Researchers in Oxford and at the Health Protection Agency in Birmingham have pioneered the method – which read outs the entire DNA code of the TB-causing bacteria – through a study of 254 TB cases in the Midlands. The results are published today in the journal Lancet Infectious Diseases.
The team used whole genome sequencing techniques to compare the genetic information from the TB bacteria of each patient. This allowed them to determine with a high degree of accuracy whether cases were isolated, or if there was an outbreak of the potentially fatal disease.
By genetically mapping the spread of infection, the method can show who has given the disease to whom, and help identify potential ‘super spreaders’ before any information has been collected from patients.
Armed with this data, public health bodies can assess how much transmission is taking place and target efforts quickly, efficiently and effectively to where it is needed most.
Professor Tim Peto led the research at the NIHR Oxford Biomedical Research Centre, a partnership between the University of Oxford and the Oxford University Hospitals NHS Trust. He said: ‘This will result in a major rebalancing of the public health approach to the spread of TB. It will make them far more focused on where the problems are and make them more efficient and effective.’
This will result in a major rebalancing of the public health approach to the spread of TB.
Professor Tim Peto
TB cases in the UK remain relatively low. However, the number of cases has risen slightly over the past decade, with almost 9,000 cases reported in 2011. Many cases are isolated but there have been numerous outbreaks across the country over recent years.
Public health bodies currently depend on people with TB volunteering information about their movements, family and friends, to identify further cases and piece together the potential spread of the disease.
Until now this approach has been aided by limited genetic typing techniques that are only able to rule out transmission between cases, and not reliably confirm transmission.
The process of identifying outbreaks has therefore been time consuming, relying on the information people are able to give. It also occasionally throws up false connections, leading to wasted effort by health bodies.
By sequencing the whole genome of the TB bacteria, the new technique allows outbreaks to be mapped by linking cases together, and it has the ability to predict the existence of undiagnosed cases.
Dr Philip Monk, a consultant in public health at the Health Protection Agency, described the research as a ‘revolution in TB control’.
He added: ‘At present you have to put a lot of work into contact tracing to find links between cases. This is extremely difficult particularly when people often lead such chaotic lives. By identifying so-called super spreaders we can target our work effectively. In terms of the public health management of TB, that is a major paradigm shift.’

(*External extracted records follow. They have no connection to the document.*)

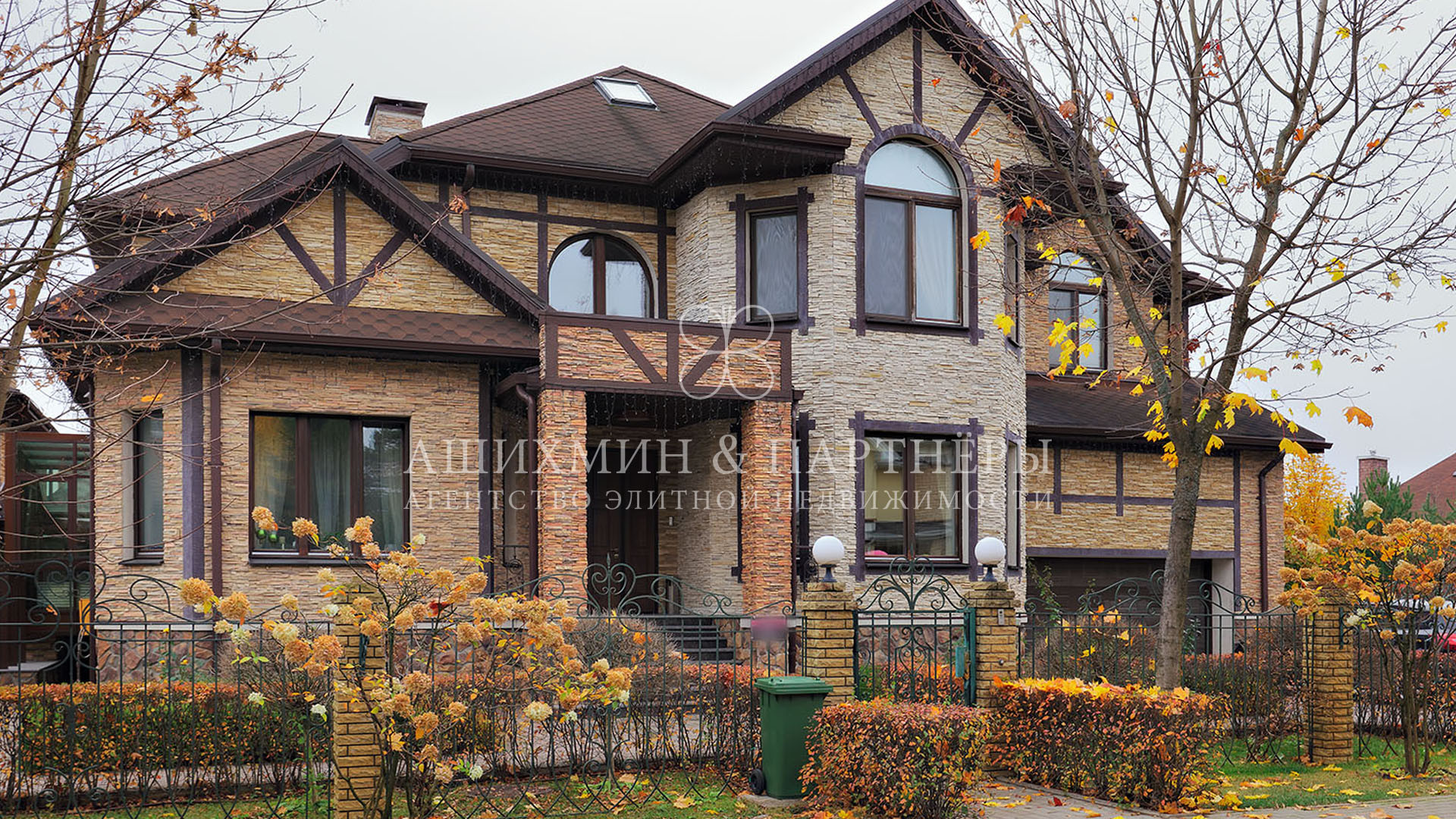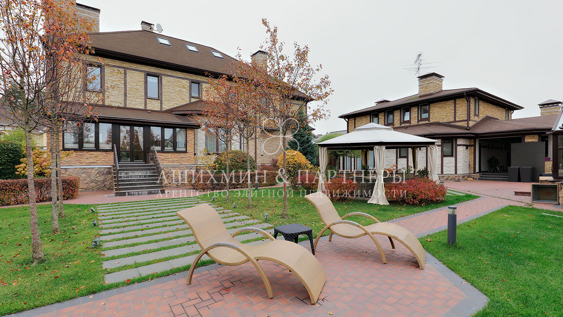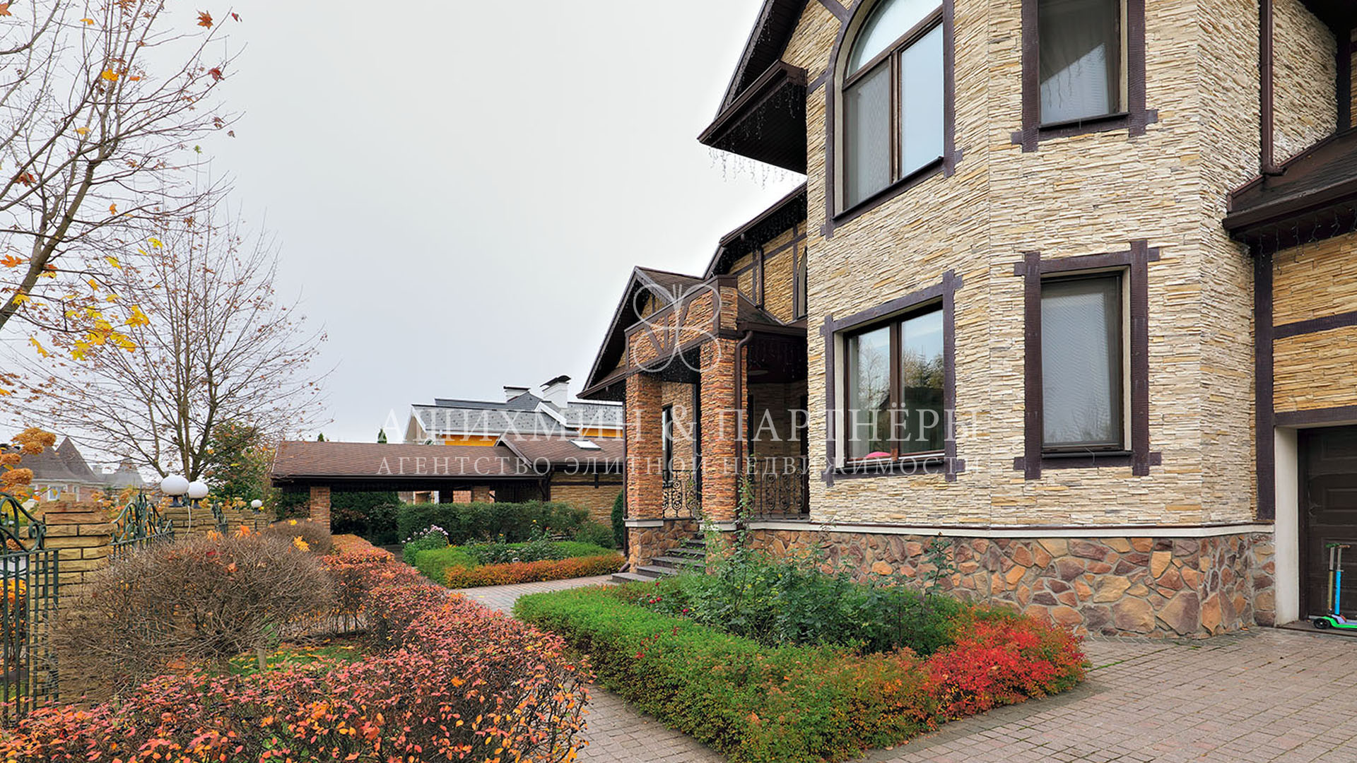 На придомовом участке выполнен ландшафтный дизайн: ухоженные газоны с автоматическим поливом, освещение, летняя беседка и зона отдыха с барбекю. Предусмотрены машиноместа в крытом гараже, под навесом и на открытой территории.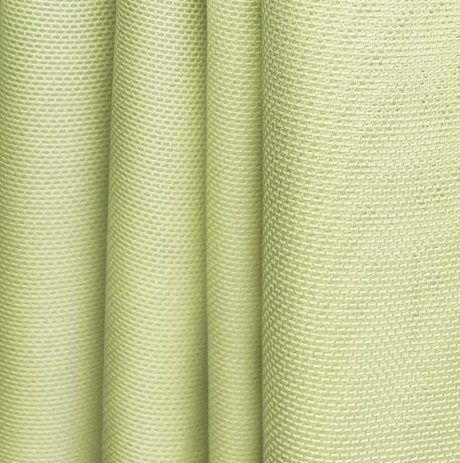 La tela base es el Tul Elástico - Oslo, un tul de 80 gr/m2 compuesto por 94% POLIÉSTER y 6% ELASTANO. El color liso impreso es un verde pastel de CMYK 22 2 57 0. El verde pastel simboliza la calma y la serenidad, y técnicamente refleja una combinación de tinta cyan, magenta y yellow con ausencia de tinta black. Este color se combina armoniosamente con tonos blancos, grises y mostaza. Es importante destacar que el tejido está impreso con el color liso solo en una cara mediante impresión digital textil.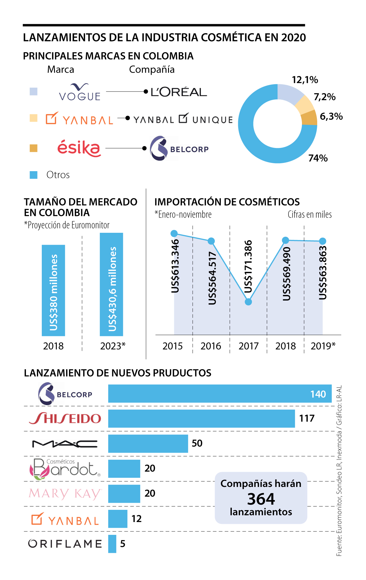 La mujer colombiana consume en promedio $300.000 trimestralmente en productos de maquillaje y cosméticos. En este mercado, que en 2018 movió US$380 millones en Colombia, y alcanzará US$430,6 millones a 2023, según cálculos de Euromonitor, algunas de las principales compañías y marcas ya han empezado a lanzar sus nuevos productos para 2020, lo que suma, por lo menos, 364 novedades.
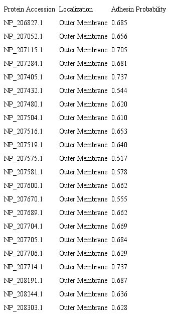 Se seleccionó de forma arbitraria la Cepa 26695 de Helicobacter pylori (número de acceso NC_000915), para la cual se han descrito 1445 proteínas en la que obtuvimos 42 proteínas de membrana externa de la bacteria, con una probabilidad adhesina >0.51, las cuales no tenían homología significativa a proteínas de cerdo, ratón o humano (tabla 2).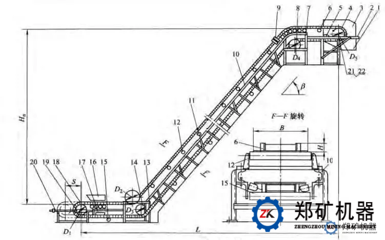 1、卸料漏斗 2、头架 3、头部护罩 4、传动滚筒 5、头部清扫器 6、挡边带 7、头部压带轮装置 8、压带轮 9、挡带辊 10、中间架 11、支腿 12、平行上托辊 13、尾部压带轮装置 14、改向滚筒 15、复式下托辊 16、导料槽 17、空段清扫器 18、尾部滚筒 19、拉紧装置 20、尾架 21、驱动装置 22、逆止器。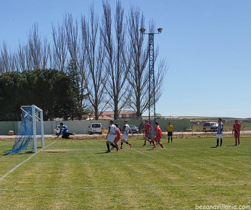 Una primera parte de dominio y buen juego de los locales, seguros atrás y llegando con peligro en varias ocasiones. Marcó Alberto en el minuto 15 tras una buena jugada por la banda. Empataron los visitantes en el minuto 42. Empate que pudo romper el F. C. Villoria en el último minuto, pero José marró el penalti señalado a su favor.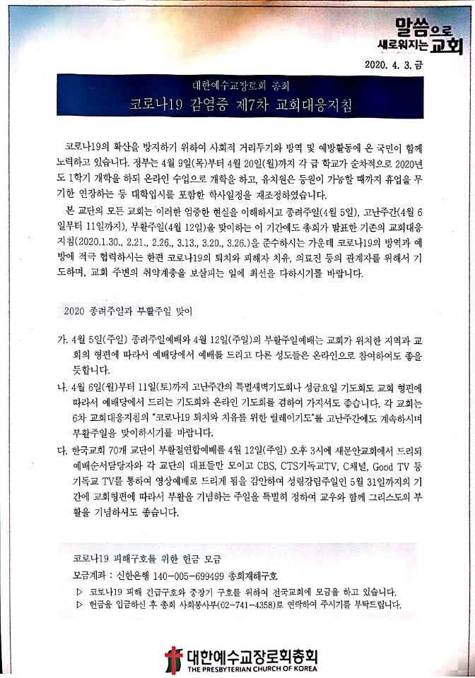 총회 코로나19 7차 대응지침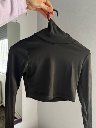 Top de manga larga con cuello alto. - Diseño crop. - Tejido elástico.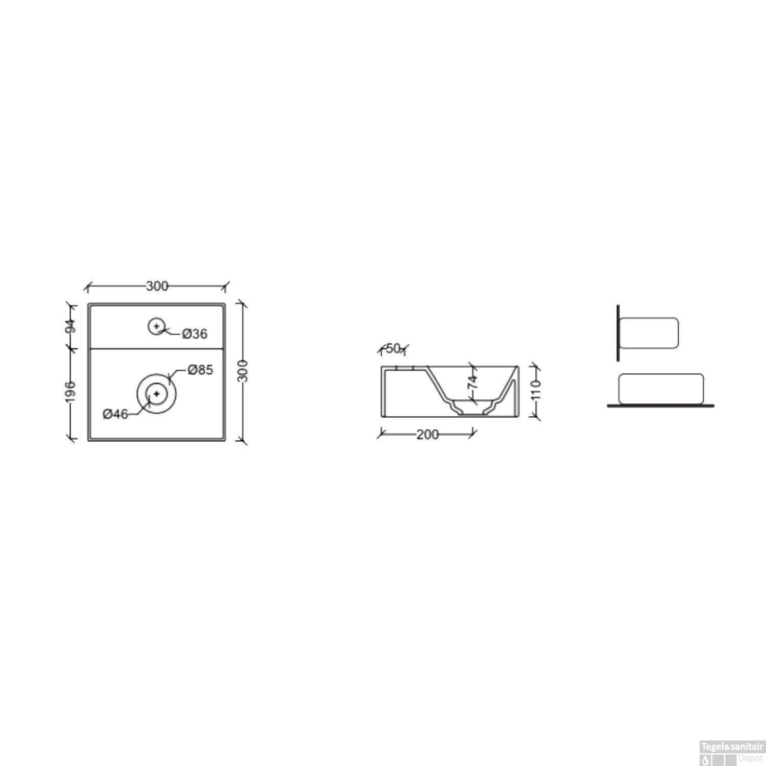 In het fonteinbakje zit geen overloop verwerkt. Er wordt een bijpassende waste bij geleverd in de zelfde kleur als het keramiek. Het bakje kan zowel hangend aan de muur of neergezet op een onderkast worden.

The whole genome sequencing method measures the genetic distance between TB strains to accurately link cases before any additional patient data has been collected. By analysing the evolving pattern of mutations in the DNA of the TB bacteria, it is possible to work out the direction of transmission and identify potential super-spreaders.
Professor Peto of the Nuffield Department of Clinical Medicine at Oxford University said: ‘This work gives a level of certainty you could never have before about who belongs to a transmission chain. The information is in the germ, and it speaks for itself.’
The study was funded by the Medical Research Council, Wellcome Trust, National Institute for Health Research and the Health Protection Agency.